MF – Nunca integrou oficialmente, digamos assim, o plantel do FC Porto desde o início?

T – No segundo ano do Vítor [2012/13] ia fazer a pré-época, cheguei a falar com o mister sobre isso. Por acaso fui jogar o Europeu de sub19 e tive de começar mais tarde. Por isso entrei novamente na equipa B. Isso atrasou o meu processo na equipa A, mas mesmo mais tarde ele voltou a chamar-me. Fui dos primeiros da equipa B a ser lançado na equipa do FC Porto.

MF – Ainda fez um jogo a titular com o Luís Castro, em Olhão.

T – O Paulo Fonseca saiu, o Luís Castro foi promovido e acho que o mister me chamou como forma de reconhecimento pelo trabalho na equipa B. Agradeço-lhe isso também. Nesse ano pensei que ia mesmo entrar no plantel da equipa A – já tinha dois anos de muitos jogos na equipa B e uma presença quase constante nos treinos da equipa A -, mas acabei por ser emprestado ao Estoril, envolvido na transferência do Evandro. Nesse ano, em 2014, pensei que o passo lógico era ser promovido, mas saí para um clube da I Liga e fui feliz. Se o Vítor Pereira tivesse continuado, se calhar as coisas eram diferentes, mas veio um novo treinador [Julen Lopetegui] com ideias diferentes, o que é normal.
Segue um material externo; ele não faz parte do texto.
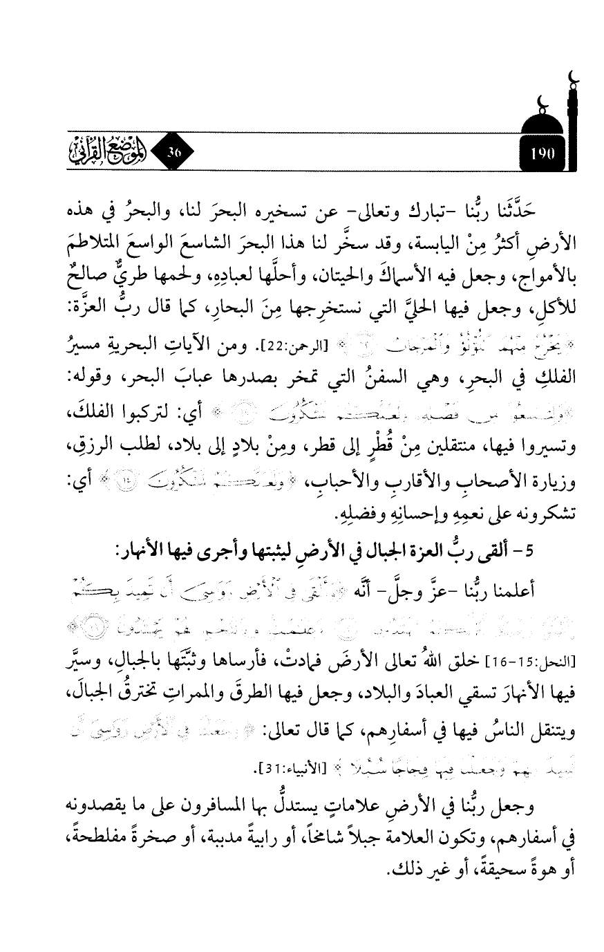 وجعل ربُّنا في الأرض علاماتٍ يستدلُّ بها المسافرون على ما يقصدونه في أسفارهم, وتكون العلامة جبلاً شامخاً, أو رابيةً مدببة, أو صخرةً مفلطحةً, أو هوةً سحيقةً, أو غير ذلك.

MF – E fez um golo ao FC Porto de penálti. Um momento que acabou por ser polémico e que originou até alguma discussão na entrada dos balneários.

T – Empatámos 2-2, o Óliver marcou já depois dos 90. O meu golo já foi perto do fim. Eu estava emprestado, marquei ao FC Porto, depois houve alguma história no fim, e é um jogo marcante na minha carreira por tudo isso.